Glad that Keizer had the surgery. Please keep us posted on his healing.
Guess he'll need lots of safe toys to keep him company while he recovers.


----------



## cgriffin (Nov 30, 2011)

Wishing your boy a speedy recovery from surgery and good luck for the future surgeries!


----------



## MaddieMagoo (Aug 14, 2007)

Glad to hear he is doing well. I can't imagine going through that with my dog as a puppy. Who is your breeder that you got him from? They sound very wonderful in giving your your money back.


----------



## kimberlygino (Jul 11, 2012)

glad to hear that the surgery went well. take care of him and prevent him from running or doing anything tedious at the moment. let us know how it goes and i hope things will turn out great. btw, you've a beautiful dog.


----------



## dmataftin (Jun 1, 2012)

update..Keizer goes in wednesday to get his legs checked and hopefully his splints off if the incisions are healed. He will have about 4-6 wks to be normal again until his second surgery(and hopefully final one). The vet said I can take him out and swim, walk, etc until the next surgery, so Im excited for that because he has hated being confined to the living room everyday. Having a medical background...without seeing his legs out of the bandages, he appears to have healed properly so hopefully in a few days we will be able to go to the lake and play. Just FYI.. Healthy Paws Pet Insurance has been a blessing. They have covered all visits, surgery, prescriptions at 90% of the vet bills with no issues what-so-ever. They even emailed me to see how he has been doing during recovery. I know they are in the business to make money, but its nice to see an insurance company actually care.


----------



## dmataftin (Jun 1, 2012)

here are some xrays of the first surgery. you can see what the legs looked like prior, and then what the surgeon did.


----------



## Allan's Girl (Apr 16, 2009)

Wow, please give yourself and Keizer a hug from me and my girls. You are a great doggy mommy!


----------



## Buddy's mom forever (Jun 23, 2011)

Best wishes for Wednesday, I hope everything is going to be fine. He deserves a break before his second surgery.


----------



## CAROLINA MOM (May 12, 2009)

Thanks for the update, hope Wednesday's check up goes well and he can enjoy some much needed fun time. 

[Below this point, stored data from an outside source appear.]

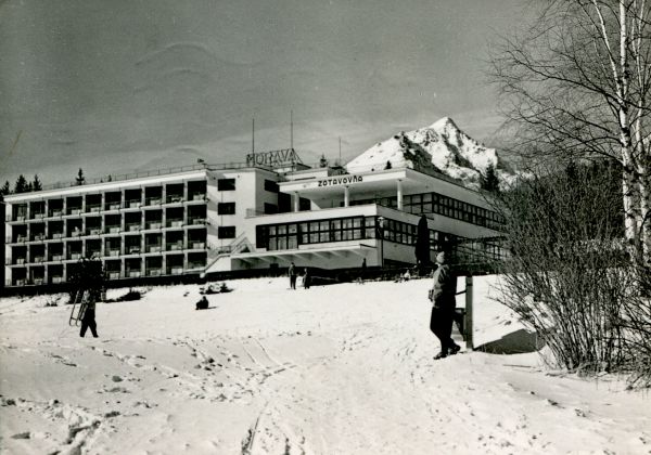 Budynek związkowego domu wypoczynkowego Morawa w Tatrzańskiej Łomnicy i jego otoczenie w scenerii zimowej. W tle Sławkowski Szczyt. Przed budynkiem wczasowicze.
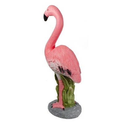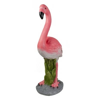Add a touch of the tropics to your outdoor living space with this standing flamingo! He symbolizes summer and hot weather and would love to come live on your porch or patio. Representing balance and family, this flamingo is ready to help guide you in that direction. Features:Pink flamingo outdoor garden statueBright pink body and feetFeet have black clawsStanding in green weeds
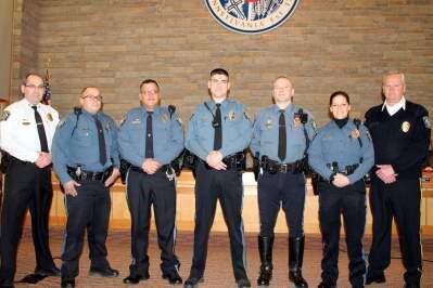 press photos by bernie O'HareFlanked by Chief Dan Pancoast and Capt. Greg Gottschall, the officers honored are Grimaldi Gonzalez, Robert Stametz, John Meehan, Sgt. Daryl LaPointe and Gretchen Kramer.
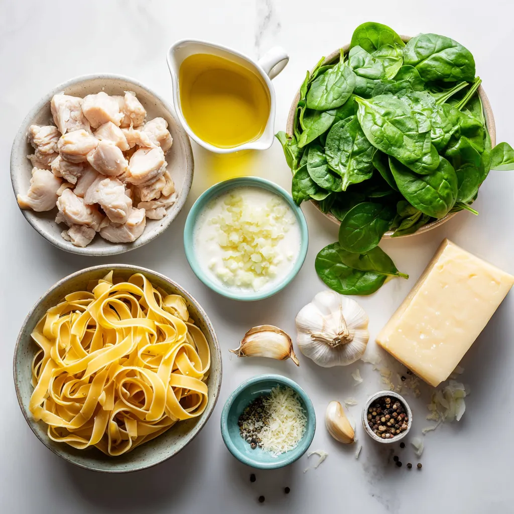 Diese Zutaten sind die Basis für dein schnelles und cremiges Gericht. Die Hähnchenbrust bringt viel Protein. Die Fettuccine-Nudeln machen das Gericht sättigend. Schlagsahne und Parmesan geben der Sauce ihren reichen Geschmack.
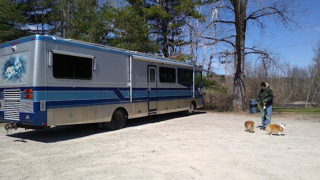 After breakfast, we took a little walk with the dogs. The winds had not let up yet, but it felt good to get out and about. Two cars came into the parking lot, so retreated back into our motorhome, to stay out of the way.
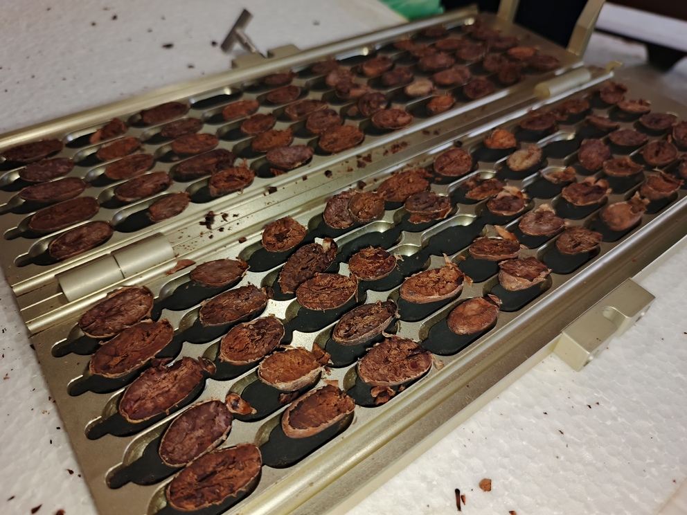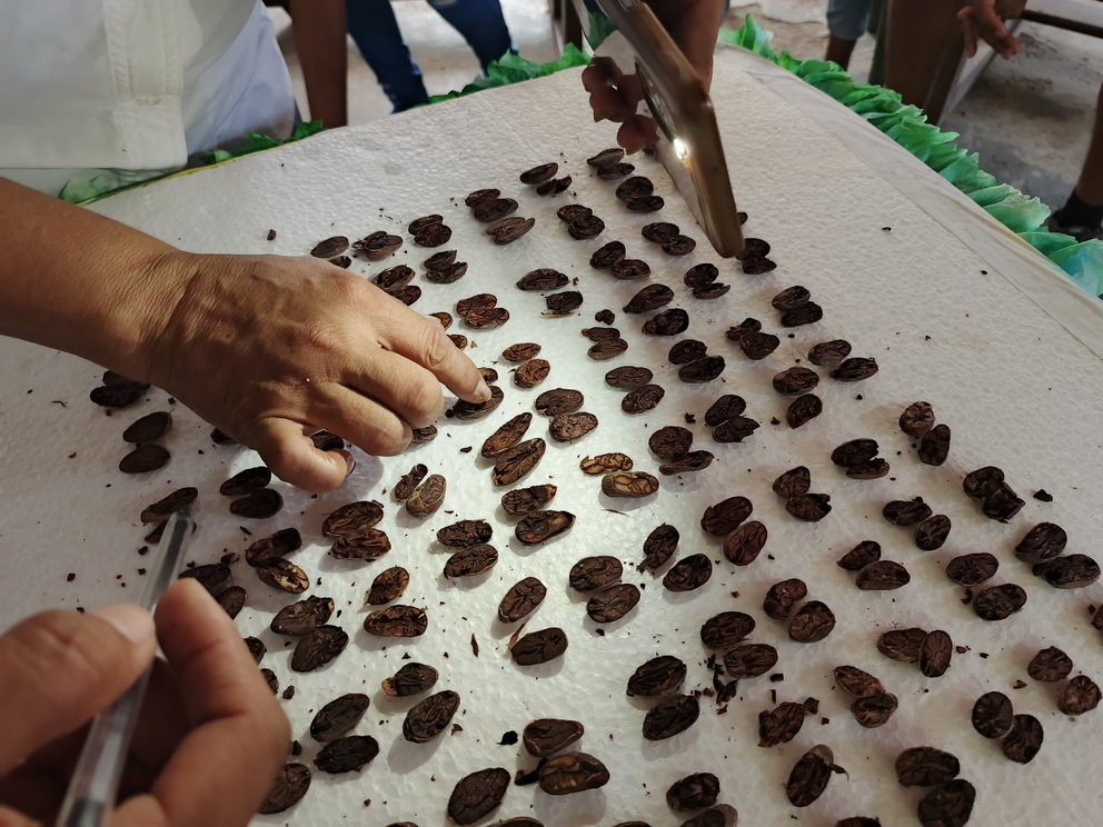 En el encuentro, se realizaron pruebas de corte de semilla para explorar la calidad del cacao, donde es posible observar el nivel de fermentación de los granos, uniformidad, color y defectos, así como reunir criterios técnicos que determinan la calidad comercial del cacao.

Best of luck with the next surgery.


----------



## heartgoldens (Jul 25, 2012)

MikaTallulah said:


> In my experience vet. surgeons don't cut unless it is needed. I hope the needed surgery goes well for your pup. I highly doubt the bones will fix themselves.


I've experienced the same...especially with specialists. They usually give you all the options. They'd prefer not to cut if it is not warranted...but there are always exceptions to the rule and a second opinion doesn't hurt. The key is finding a second opinion from another specialist...not just any general practitioner. 

I've yet to finish the entire thread for an update...gonna keep reading and hopefully see how things turned out.


----------



## lgnutah (Feb 26, 2007)

This is certainly a case where one says "thank goodness I purchased pet insurance"


----------



## Buddy's mom forever (Jun 23, 2011)

dmataftin said:


> update..Keizer goes in wednesday to get his legs checked and hopefully his splints off if the incisions are healed. He will have about 4-6 wks to be normal again until his second surgery(and hopefully final one). The vet said I can take him out and swim, walk, etc until the next surgery, so Im excited for that because he has hated being confined to the living room everyday. Having a medical background...without seeing his legs out of the bandages, he appears to have healed properly so hopefully in a few days we will be able to go to the lake and play. Just FYI.. Healthy Paws Pet Insurance has been a blessing. They have covered all visits, surgery, prescriptions at 90% of the vet bills with no issues what-so-ever. They even emailed me to see how he has been doing during recovery. I know they are in the business to make money, but its nice to see an insurance company actually care.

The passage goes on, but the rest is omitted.